Twenty years after rocketing to stardom and shocking the world by abruptly disappearing into blue-collar anonymity, times are hard, money is gone, and Tuki Banjo’s rudderless life has collapsed into middle-aged, penny-pinching despair.
This is the story I felt compelled for my favorite character to tell: A quiet, lonely teenage girl with a miserable, impoverished upbringing suddenly had everything, didn’t like it, and walked away. Two decades later Tuki deals with different problems at a different stage of life. Faced with a desperate need to once again get off the mat, Tuki is a shell of what she was at twenty. At forty, the walls off life’s reality are closing in and her will to continue is diminished. She faces the life-defining choice so many do: surrender and die from the outside in or rekindle the determination to persevere.

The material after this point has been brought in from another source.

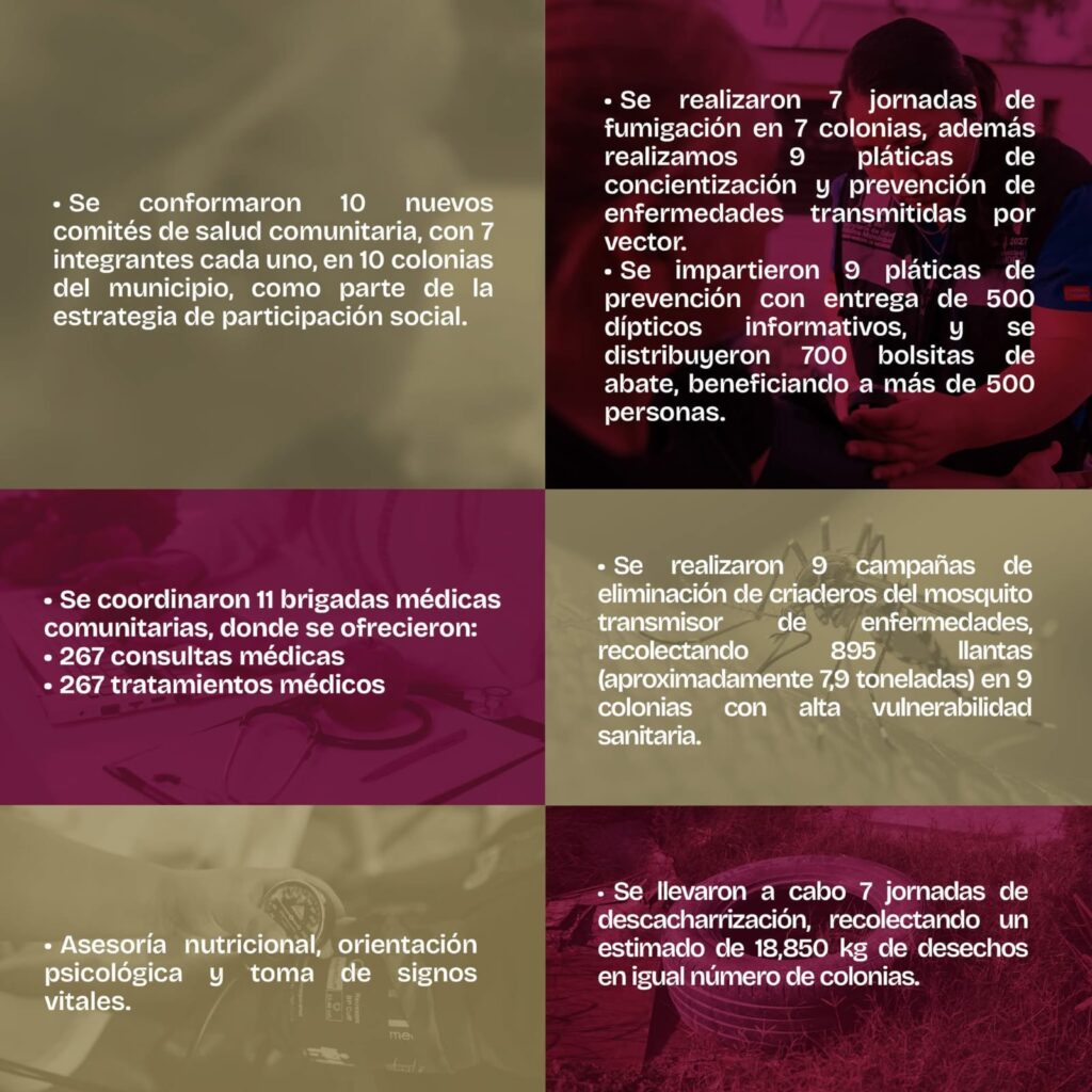 En este periodo, se otorgaron más de 2,200 consultas generales y se fortalecieron programas clave como Médico a tu Casa y 1,2,3 x mi salud, con una orientación especial hacia zonas vulnerables y planteles de educación básica. Asimismo, se realizaron brigadas médicas, campañas de fumigación, pláticas de concientización y jornadas de descacharrización, contribuyendo activamente a la prevención de enfermedades transmitidas por vector.
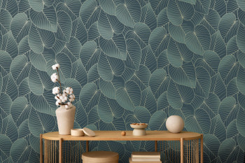 Zelená vliesová tapeta na zeď, zlaté obrysy listů.

As with most of my stories, this is a multicultural ensemble story with a positive, inspiring ending. The message woven throughout this story centers around the power of friends stubbornly insisting to help without being asked when sensing they are needed; and that a rich life is never measured by money but by heart, courage, and compassion.
The backdrop for Tuki (Back in the Game with Tweedle & Friends) is the beautiful tapestry of the Thoroughbred horse breeding industry. Tuki is safe here, happy here, and finds true north with newborn foals who love without judgment.
This story is the third in a continuum spanning three decades that started with the romantic comedy 12 Miles to Paradise, which was followed by Tuki Banjo, Superstar. Each is a standalone story with multicultural ensembles. I love this character so very much—all these years later she still inspires me—and trust you’ll feel the same.